Today’s Washington Post story by Darryl Fears on California drought frequency in a warming world compelled me to take a look at the Golden State’s temperature history. In my 2011 book Climate Coup, I showed that the alarm over California warming was rather odd, as most of the changes had taken place thirty years previously.
That was then, and this is now. But what about history?
Here are California temperatures, for the last 38 years, beginning in 1976. That’s the year of “The Great Pacific Climate Shift,” a sudden and lasting change in both the surface and oceanic circulation patterns. 2014 is by far the warmest year in the California record, as is obvious:
Several things stand out. There’s obviously no warming through 2011 (when Climate Coup was published). But the pop between 2013 and 2014 is pretty impressive, no?

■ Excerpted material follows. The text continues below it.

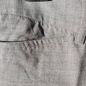 Italian wool, fully-lined boot-cut dress trousers in heathered gray. Long enough for someone 5'9. Matching blazer available.

Fast-backward to 1934. J.B. Kincer had just published the first systematic temperature analysis from locations around the planet, in the 1933 Monthly Weather Review paper titled “Is our Climate Changing?” The paper clearly demonstrated global warming, and people were starting to talk about the influence of increasing atmospheric carbon dioxide on surface temperature. The only thing that was different back then is that we didn’t have computers to simulate what should have been happening. But if we did, I suspect that Darryl Fears’ progenitors would have written a pretty similar story.

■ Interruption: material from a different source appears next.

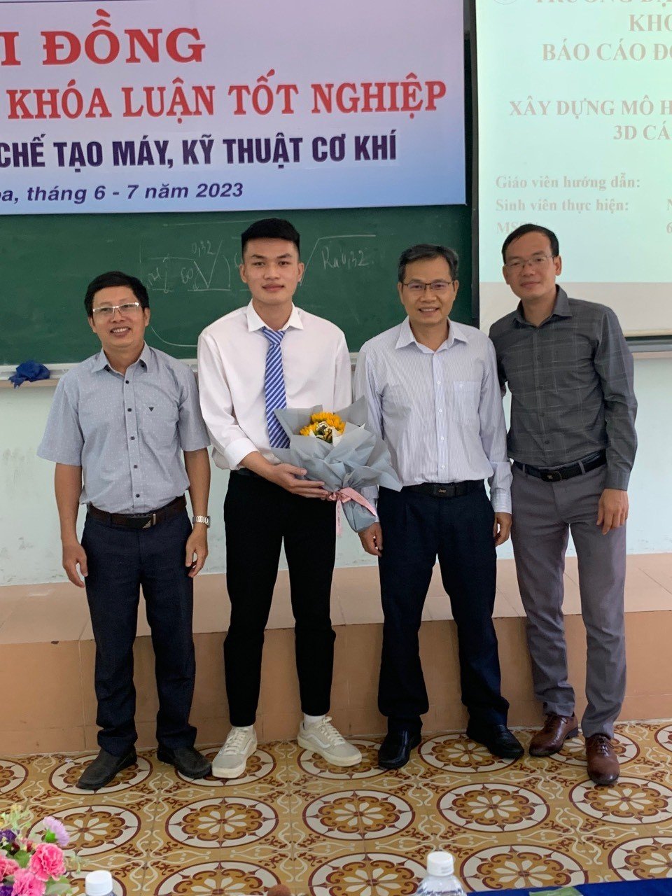 Sinh viên Nguyễn Trọng Hoàng cùng các thầy hội đồng bảo vệ đồ án.

Why? Take a look at the 38-year period (the same length as in the above figure) 1896–1934:
What’s different here? Nothing. Also worth noting is the difference in mean temperature between the two periods, providing very strong evidence for the step-change in California temperature that occurred with the Great Pacific Climate Shift in 1976.
Armed with a computer model in 1935, one could probably have written the exact same story 80 years ago, prompted by the very similar outlier temperatures of 1934 and 2014.